For detailed information about how AMD, ARM and Intel chips are affected by this security hole, please refer to the following official pages:
1. Please check this official page where AMD details the impact of the 3 variants of the exploit, and how to resolve them: https://www.amd.com/en/corporate/speculative-execution
2. Please check this official page where ARM details how its processors are affected by the 3 variants of the flaw: https://developer.arm.com/support/security-update
3. Intel-based platforms impacted by this issue are listed on the following Intel official page https://security-center.intel.com/advisory.aspx?intelid=INTEL-SA-00088&languageid=en-fr
4. At the time of writing the article there weren’t any tests regarding the impact of installing the patch on system performance. As of January 5t, TechSpot and Guru3D performed some benchmarks for Windows. Both sites concluded that desktop users don’t have much to worry about. Some PC games see a small 2% slowdown with the patch, which is within the margin of error, while others appear to perform identically. 3D rendering, productivity software, file compression tools, and encryption utilities appear unaffected. However, file read and write benchmarks do show noticeable differences. The speed of quickly reading a large amount of small files dropped about 23% in Techspot’s benchmarks, and Guru3D found something similar.
I think it is way past time security solutions, like anti-malware, evolve.
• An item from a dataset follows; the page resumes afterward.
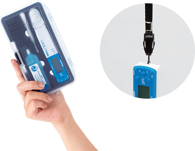 Hôp đựng nhỏ gọn chứa tất cả mọi thứ bạn cần cho phép đo của mình, bao gồm dung dịch chuẩn. Bạn có thể gắn thêm một dây đeo vào phía sau máy.
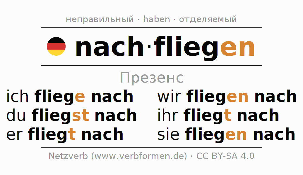 - Как спрягается nachfliegen в Презенс?

Since Intel AMT was introduced into all comsummer systems, not only corporate, we are exposed to huge security risks. I understand these new design holes as “optimization abuse”, and the solution would be security software to tap into BIOS and even microcode, Operating System kernel, USB, everything including hardware dongles. It is sad, but hardware makers made it.
With GDPR taking effect from May it feels like this could be the first of many cyber security threats in 2018, as hackers rise to the challenge. It’s even more worrying given that over 50% of global Microsoft machines no longer receive any OS support to protect against new security risks.